Justiça seja feita: passo a vida a azucrinar os textos da Helena Matos, mas hoje concordei com tudo o que ela disse. A mulher no tribunal cuja imagem não corresponde à de vítima vê a sua queixa de violência doméstica indeferida. As mulheres cultas e profissionais que pratiquem aborto devem ser punidas (como deu a entender Maria José Nogueira Pinto num debate na TV) ao contrário das pobres e incultas. E por aí fora.

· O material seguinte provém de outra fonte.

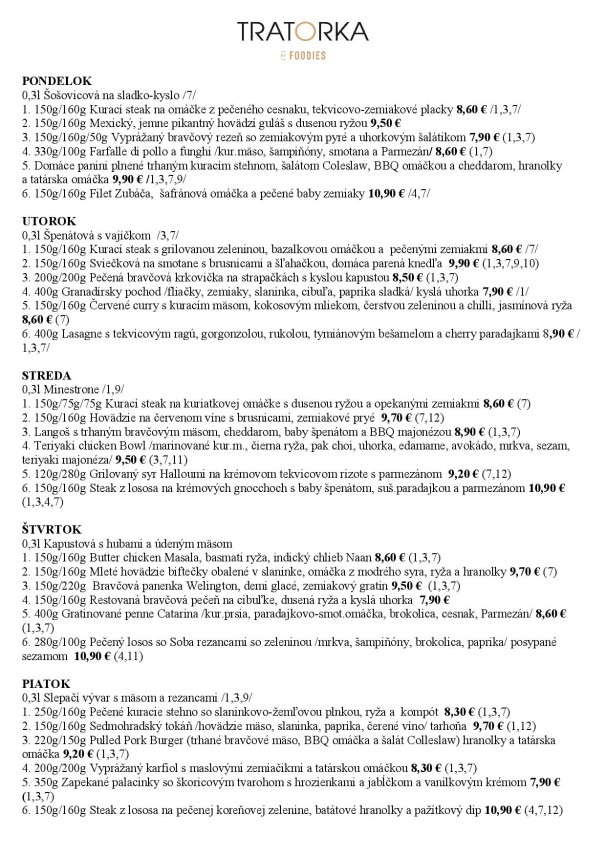 0,3l polievka: Cesnaková so syrom a šunkou 7 /Slepačí vývar s rezancami 1,3,9 601 150g Mexický hovädzí guláš s hráškom posypaný strúhaným údeným syrom, dusená ryža 1,7 7,60€ 602 150g Bravčové výpečky na cibuľke a cesnaku s kyslou kapustou, domáca parená knedľa 1,3,7 7,40€ 603 150g Kuracie rezníky obaľované v cornflakes so zemiakovým pyré a mrkvovo- jablkovým šalátikom 1,3,7 7,40€ 604 300g Špagety Bolognesse s mletým mäsom a strúhaným parmezánom 1,3,7 7,40€
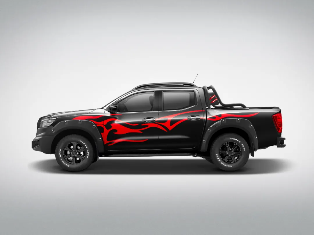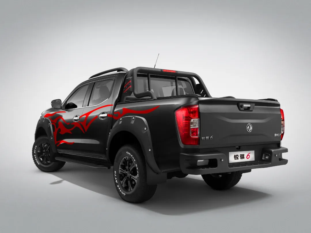 外观方面,锐骐6越野版采用炫酷黑色车身搭配燃动火焰式拉花,彰显车型野性魅力。哑光式动感格栅,凌厉硬朗,英气十足。16寸乌金越野轮辋,全地形越野轮胎,再加上带铆钉的宽体轮眉,强烈越野气息扑面而来。车顶行李架、越野防滚架(带高位刹车灯),越野侧踏板、内绳钩、发动机护板等诸多越野配置应有尽有,强化了新车的实用性与便利性。
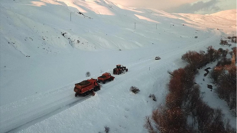 Ağrı ile Kars'ın Kağızman ilçesini birbirine bağlayan ve son günlerde etkili olan kar yağışı nedeniyle ulaşıma kapanan kara yolunda çalışma başlatıldı.
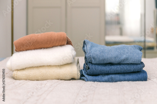 Stacks of sweaters and jeans. Cleaning out wardrobe, clothes placed on hangers and in drawers
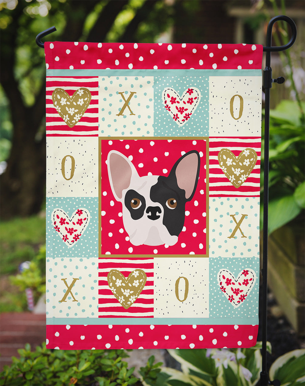 Decorate your space with our Valentine's Day French Bulldog artwork on a Garden Flag. Enhance the beauty of your garden, patio, or yard with Caroline's Treasures Decorative Garden Flag, proudly made in the USA. Crafted from two pieces of thick, double-sided polyester fabric, this 2-ply garden flag is designed to withstand various weather conditions, making it water-resistant and weatherproof. Featuring correctly readable words on both sides, this garden flag offers a delightful visual experience from any angle. With its heavier weight, it stands out among other garden flags, ensuring stability and durability even in wind, rain, and snow. Measuring approximately 11 1/4 inches by 15 1/2 inches, this flag allows you to personalize your outdoor decor. It comes with a 1 1/2-inch sleeve sewn in, allowing easy attachment to any standard garden flag stand or garden size porch hanger (sold separately). Make a statement in your outdoor space with Caroline's Treasures Decorative Garden Flag, a vibrant and high-quality flag that adds color and personality to your surroundings. Proudly made in the USA, it's a symbol of quality craftsmanship and attention to detail.
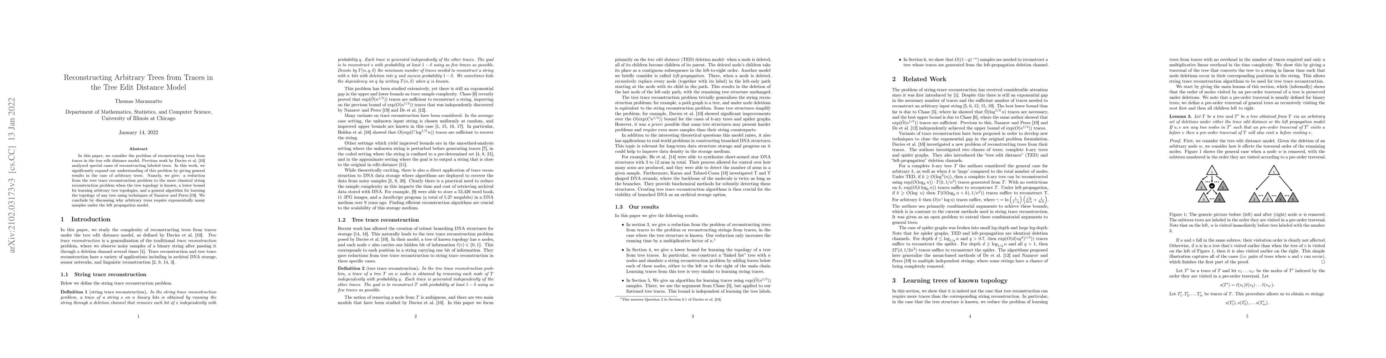 This paper reconstructs arbitrary trees from traces in the tree edit distance model, expanding on previous work that focused on labeled trees. It provides a reduction to the string reconstruction problem, a lower bound for learning tree topologies, and a general algorithm for tree topology learning, concluding that arbitrary trees require exponentially many samples under the left propagation model.
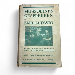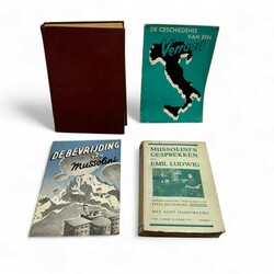 | Omschrijving | Lot van 4 boeken en schriften met thema Italië in WOII en Mussolini, waaronder 'Mussolini's gesprekken met Emil Ludwig', 'De bevrijding van Mussolini', 'De geschiedenis van een verraad' en 'Ciano's diary'. |
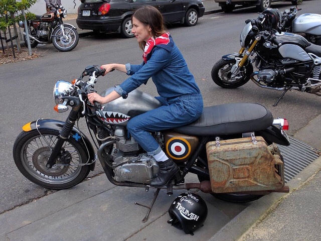WAAF – Women’s Auxiliary Air Force, furthering our WW2 flight theme look at this tiger gaped Bonneville. Jerry can pannier is a appropriate detail, and the big wartime yellow ringed roundel seals the deal. As they say: ” Smoke me a kipper, I’ll be back for breakfast!”
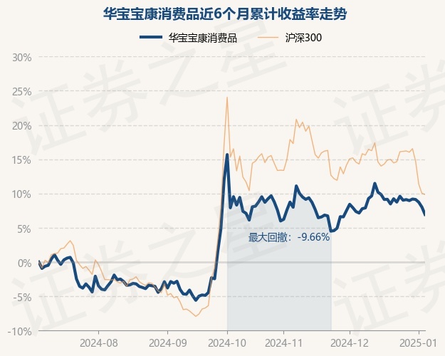 证券之星消息,1月6日,华宝宝康消费品最新单位净值为3.0094元,累计净值为8.8507元,较前一交易日下跌1.0%。历史数据显示该基金近1个月下跌0.78%,近3个月下跌4.46%,近6个月上涨6.94%,近1年下跌1.47%。该基金近6个月的累计收益率走势如下图:
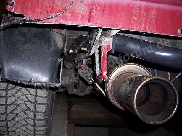 Danach wird die hintere innere Endschalld?mpferhalterung weg geschraubt. Als Tipp: Das ganze vorher gut mit WD40 einspr?hen. Und die schrauben mit viel Gef?hl l?sen!! Jetzt wird aus dem Montagesatz die 5mm starke B?chse gebraucht. Die kommt auf den Gewindebolzen auf der linken Seite. Au?erdem wird die AHK Grundtr?ger montiert. Eine zweite Person ist hier sehr hilfreich. Die Schrauben noch nicht fest ziehen. Erst Handfest anschrauben, mehr nicht!
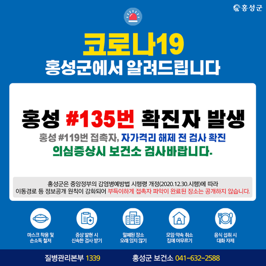 홍성 #135번 확진자 발생 - 홍성 #119번 접촉자. 자가격리 해제 전 검사 확진 - 타지역 방문후 의심증상시 보건소 선별진료소에서 검사바랍니다. Tag #홍성군 #코로나19 #확진자 저작권자 © 홍주일보 무단전재 및 재배포 금지 한기원 기자 다른기사 보기 페이스북 카카오톡 URL복사 기사공유하기
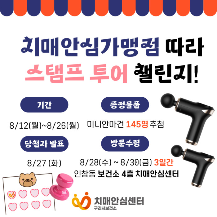 이달 12~26일 2주간 치매친화적 환경을 조성한 치매안심가맹점을 알리기 위해 지역주민을 대상으로 진행되는 이번 행사는 휴대전화 앱 ‘워크온’내 ‘구리시 공식, 치매안심센터, 구리 치매안심마을 커뮤니티’ 가입자를 대상으로, 기간내 치매안심가맹점 8곳 중 3곳 이상 방문한 사람에 대해 무작위 추첨을 통해 미니 안마건을 지급한다.
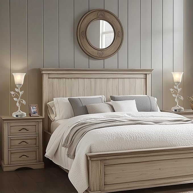 RORIANO Set of 2 Rustic Touch Table Lamps for Bedroom, 3-Way Dimmable Nightstand Flower Lamp with 2 USB Ports, Retro White Glass Shade Leaf Lamp for Living Room Entryway, 2 LED Bulb Included
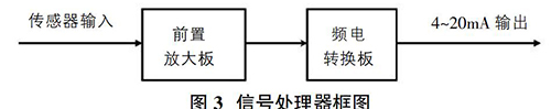 信號處理器對渦街流量傳感器產(chǎn)生的頻率信號經(jīng)過濾波、放大、頻電轉(zhuǎn)換等幾個環(huán)節(jié)處理,*終將頻率信號轉(zhuǎn)換為標準4~20mA信號輸出。信號處理器框圖如圖3所示。
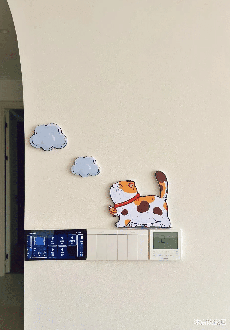 看久了大白墙觉得单调的话,不妨在开关面板上装一个猫咪墙贴板,让家一下子变得温馨起来。这个猫猫墙贴板背贴的是泡沫胶,黏性很强,可以直接贴在乳胶漆的墙面上。
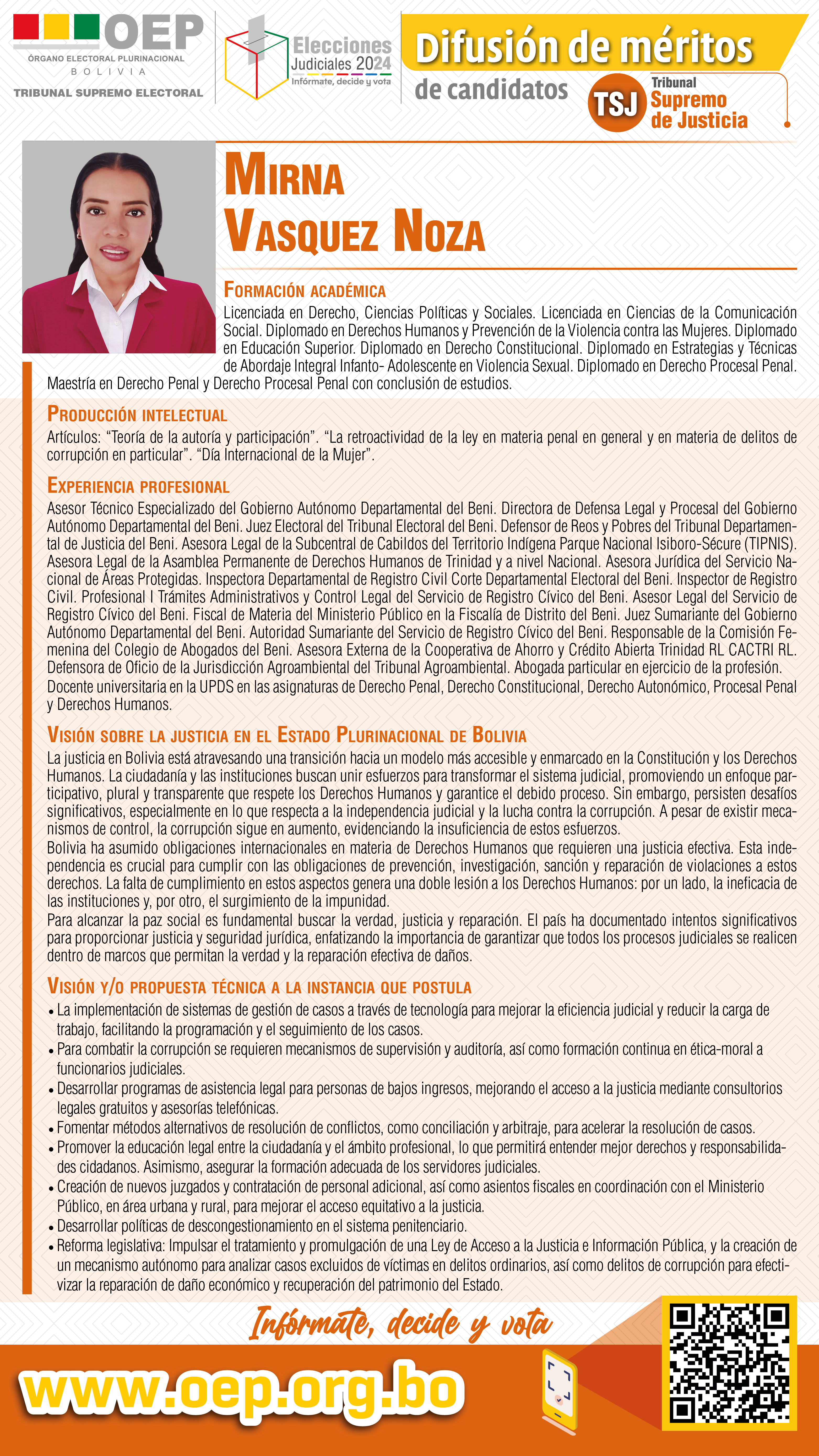 Espacio solicitado: Conforme a lo establecido en el Artículo 10 "Difusión de méritos" del “Reglamento de Difusión de Méritos e Información del Proceso de Elección de Autoridades del Órgano Judicial y del Tribunal Constitucional Plurinacional 2024”, (aprobado Mediante Resolución TSE-RSP-ADM N° 301/2024 de 27 de agosto de 2024), que señala que “Los medios de comunicación del Estado deben establecer espacios gratuitos para la difusión de méritos de las candidatas y los candidatos, garantizando que tengan el mismo tiempo y condiciones".
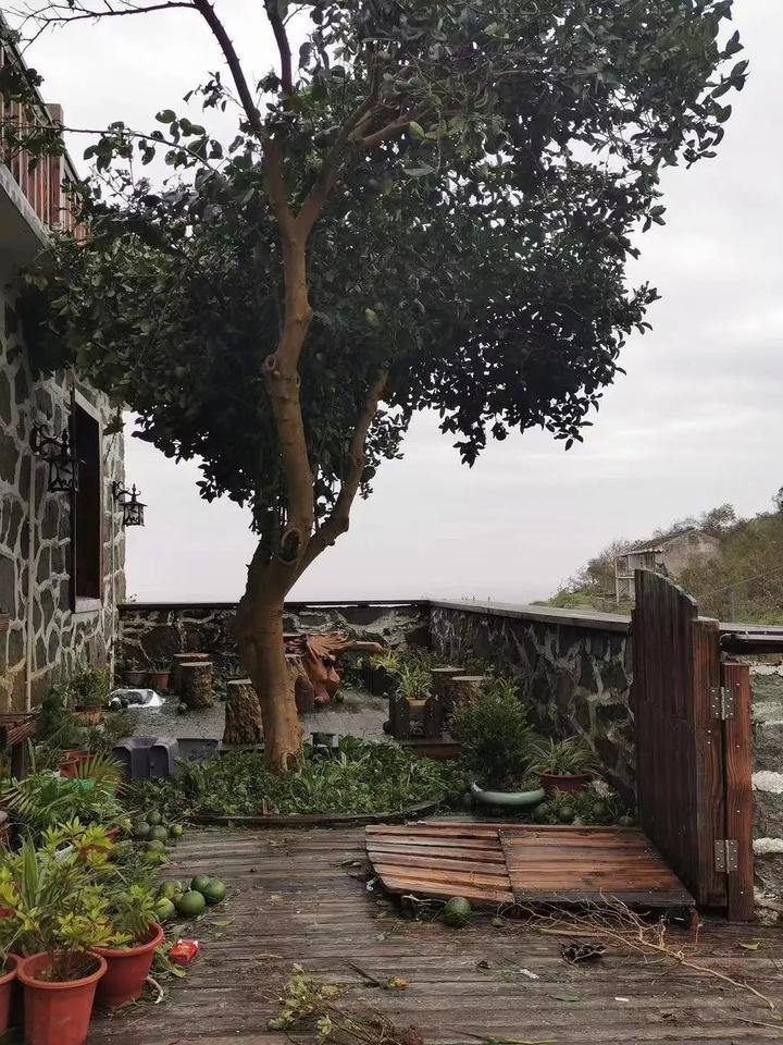 有家客栈前院的花草、栏杆都被吹得七零八落。有家老板说,游客们特别喜欢院子外面那座瞭望台,幸好他在台风来临前把瞭望台拆了,不然肯定被风吹走了,现在万幸房屋主体结构经受住了考验,门窗都没问题,只是辅助设施受损。
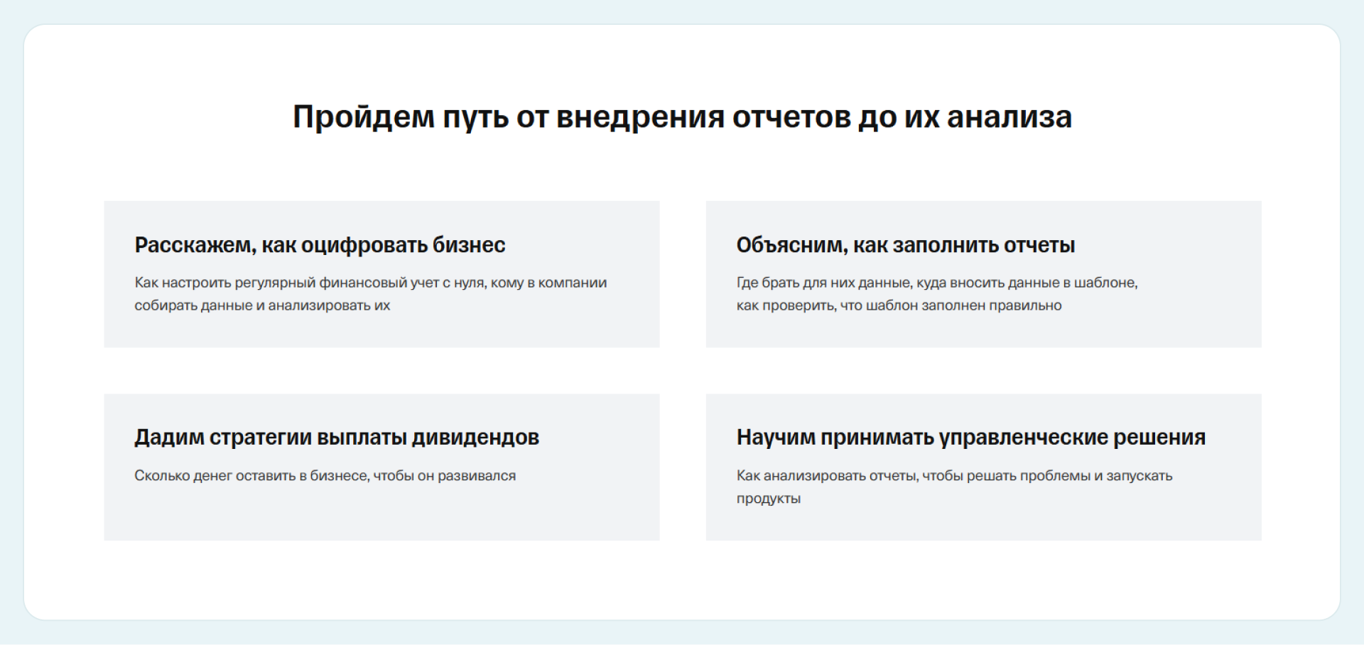 Например, с помощью системы планирования предприниматель может откладывать нужные суммы в зарплатный фонд, на налоги и маркетинг. Именно такую систему планирования внедрили в онлайн-школе йоги. Совместно с контролем рентабельности проектов, автоматизацией финучета это позволило снизить стресс собственника, разгрузить его время и навести порядок в финансах.
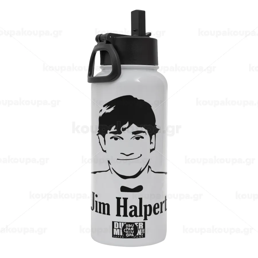 The office Jim Halpert, Metal mug thermo White with Straw and Spout Lid (Stainless steel), double wall, 950ml
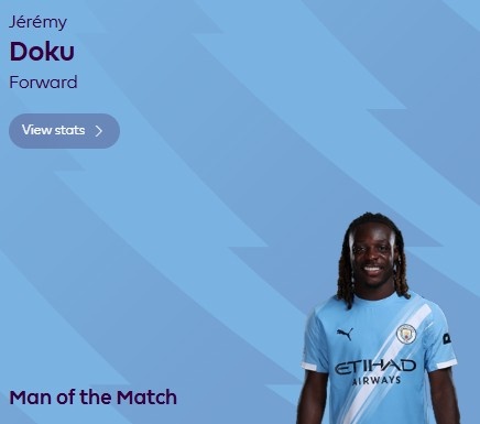 11月10日讯 2025-26赛季英超第11轮焦点战,曼城3-0利物浦,赛后,多库当选英超官方评比的全场最好球员。
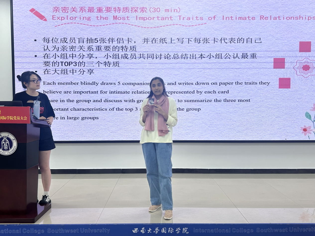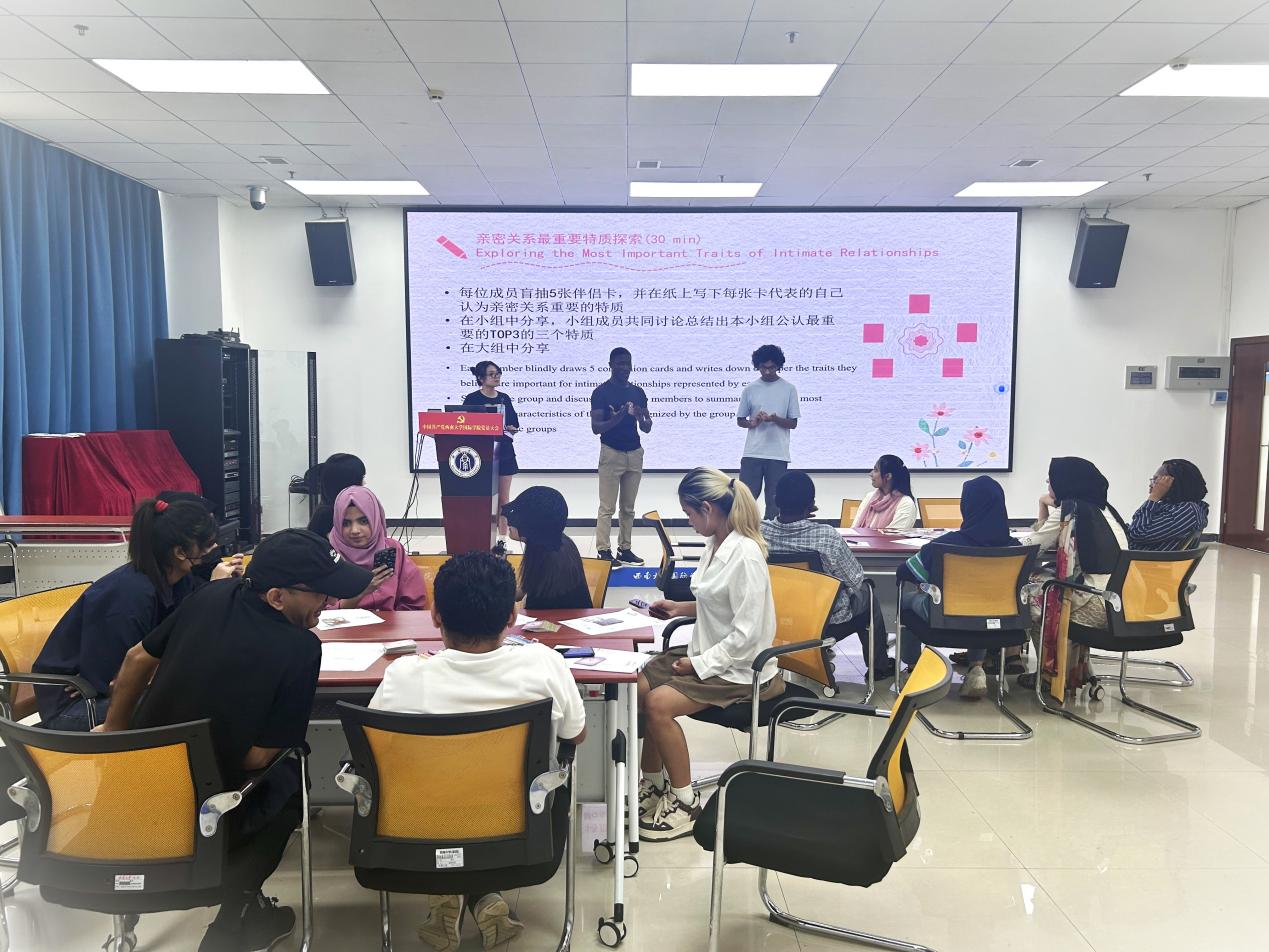 心同行,爱共鸣。为更好地帮助国际员工正确认识亲密关系,深入了解自我、促进个人成长,主题为“探索亲密关系——一起‘练’爱吧”心理团辅活动于6月21日下午在紫云楼317室成功举办。活动由TapTap实习心理咨询老师王一伊、崔雪涵共同主持,数十名国际员工参加本次活动。

Vivemos numa sociedade cheia de representações falsas. Entre nós isso é ainda mais forte, porque as elites usam os parâmetros internacionais e esquecem-se de tudo o que não aconteceu cá. Por exemplo, o feminismo é feio e coisa ultrapassada, "eu sou feminina mas não feminista" (aargh!). Só que Portugal é um país onde o feminismo praticamente não existiu. Ou: "os direitos das mulheres estão todos adquiridos". Mas a verdade é que a minorização das mulheres acontece constantemente no quotidiano, os salários são (ilegalmente) mais baixos que os dos homens no sector privado, etc. Ou: "não somos racistas", colonizámos mais humanamente e abolimos a escravatura primeiro. Mas a verdade é que o racismo manifesta-se como noutras paragens através da sua forma "subtil", as colonizações representam-se todas como especiais e melhores, e fomos dos primeiros a promover o comércio de escravos e vivemos intensamente dele. Ou: "Qualquer dia temos que lutar pelos direitos dos heterossexuais", os gays e lésbicas não têm razões de queixa, porque isso da orientação sexual é uma coisa privada. Mas a verdade é que a homofobia acontece todos os dias, os direitos não são iguais, e a heterossexualidade não precisa de protecção porque é hegemónica. Ou, por fim: "todos os cidadãos são iguais", quando as diferenças de classe são tão extremas que as chances de defesa em tribunal, de lidar com os especialistas ou a administração ou de conseguir mobilidade social através da educação (também ela diferenciada, em escolas para pobres e pretos, e escolas da opus dei - para usar exemplos extremos), demonstram que a democracia é uma formalidade e que a desigualdade aumenta ao mesmo tempo que o discurso sobre a igualdade se vai tornando numa fórmula vazia.